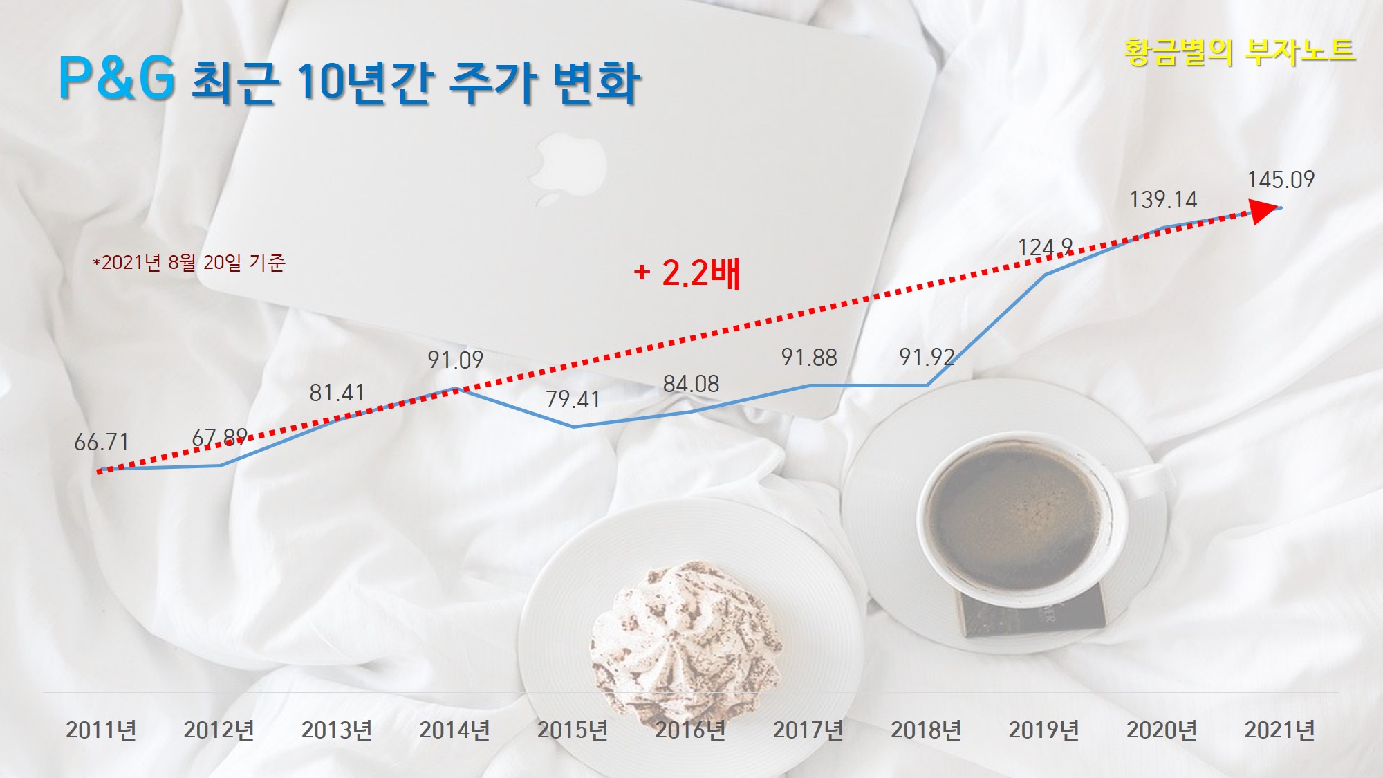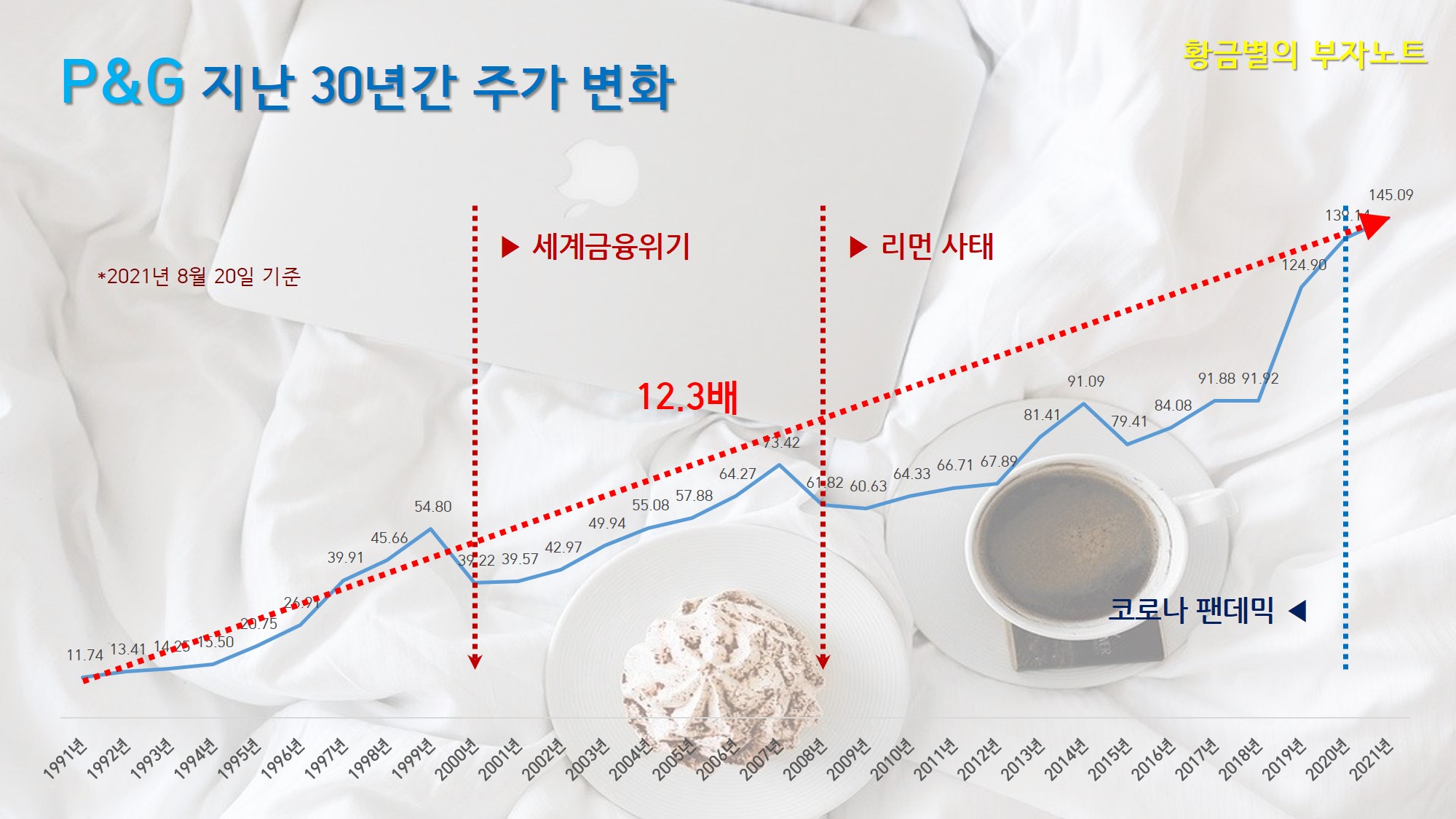 1991년 1주당 11.74달러였던 피앤지의 주가는 2021년 8월 현재 145달러로 지난 30여년간 12.3배 상승했습니다.
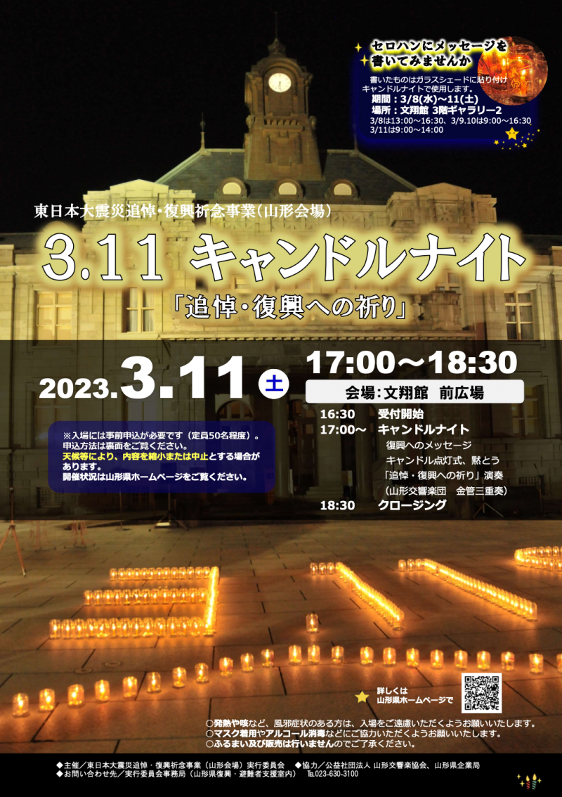 山形市の文翔館で今年も3.11キャンドルナイトが開かれます。残念ですが今回もキャンドルを作っての献灯はありません。50人を目処に予約制で行われます。参加ご希望の方は上記ダウンロードボタンよりチラシを開いて詳細をお確かめください。
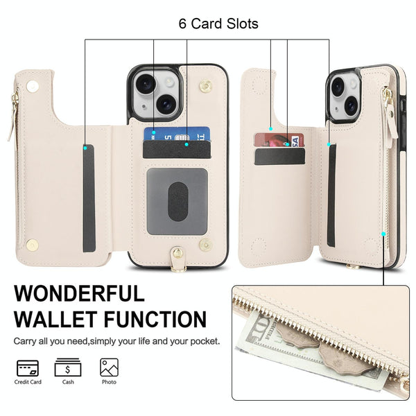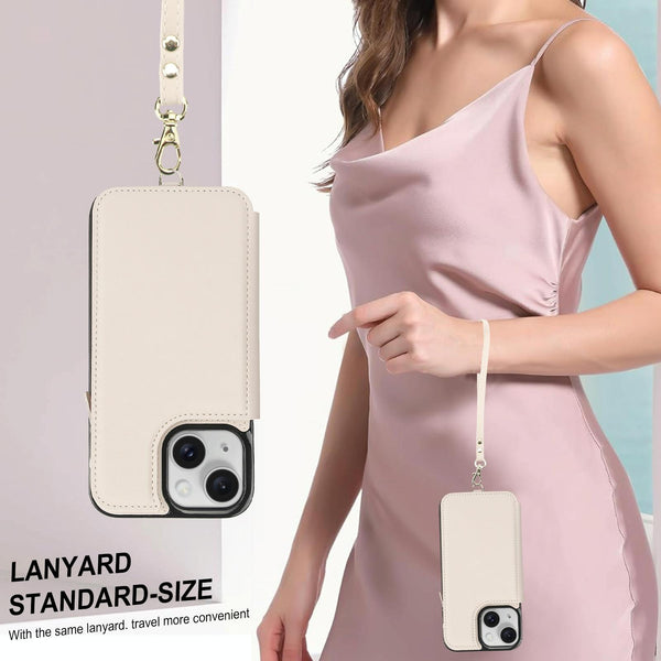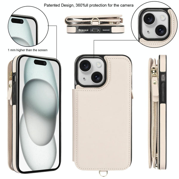 For iPhone 15 Double Flap Zipper RFID Leather Phone Case with Short Lanyard(White)
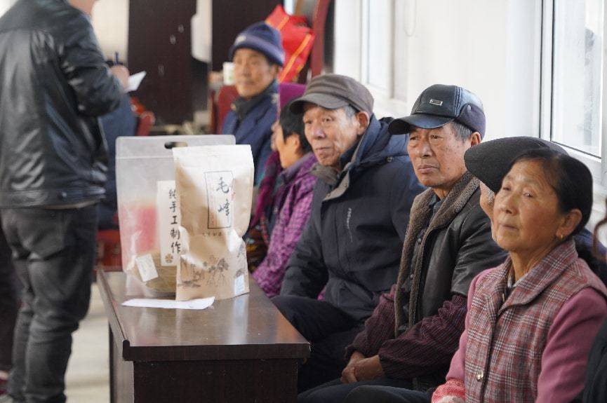 3月21日早晨6点不到,岱山村村民周世翠带着前一晚精心择好的水芹、蒲公英,熟门熟路地来到箕山村。走进直播间,村干部早已等候,递上写着“9号”的小纸片。这小小的号码,是她安心的来源。她把袋子往地上一放,接过一杯热气腾腾的开水,安稳地坐在长椅上等候。
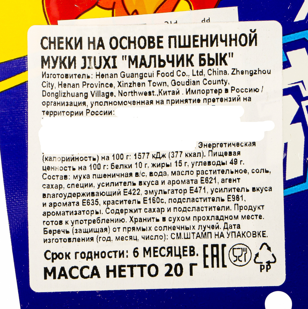 Снеки на основе пшеничной муки Jiuxi.
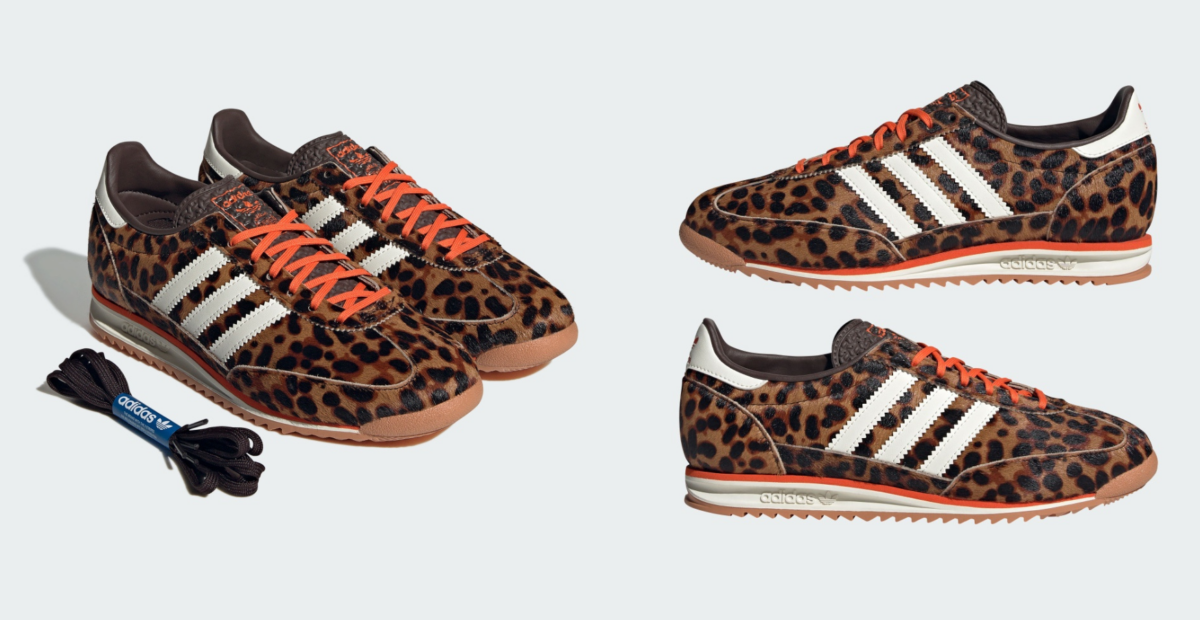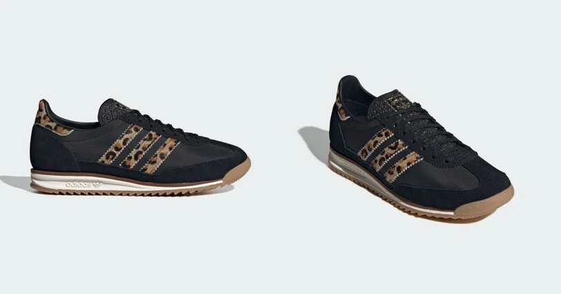 adidas Originals SL 72 OG 以低筒豹紋鞋面重現復古跑鞋的經典風格,輕盈的 EVA 中底提供避震腳感,搭配穩固的流線型橡膠底。這回推出兩種不同款式,除了整雙豹紋搭配橘色點綴之外,還有全黑設計注入一絲豹紋,將野性元素收斂得恰到好處,特別適合首次嘗試豹紋、喜愛低調不張揚的人穿著。

__WHAT YOU HAVE TO DO__:
Restate word for word the lines starting at the one that contains "Снеки на основе пшеничной муки Jiuxi." and ending at the last line of the data. Skip every picture.

__WRITTEN SOLUTION__:
 Снеки на основе пшеничной муки Jiuxi.
 adidas Originals SL 72 OG 以低筒豹紋鞋面重現復古跑鞋的經典風格,輕盈的 EVA 中底提供避震腳感,搭配穩固的流線型橡膠底。這回推出兩種不同款式,除了整雙豹紋搭配橘色點綴之外,還有全黑設計注入一絲豹紋,將野性元素收斂得恰到好處,特別適合首次嘗試豹紋、喜愛低調不張揚的人穿著。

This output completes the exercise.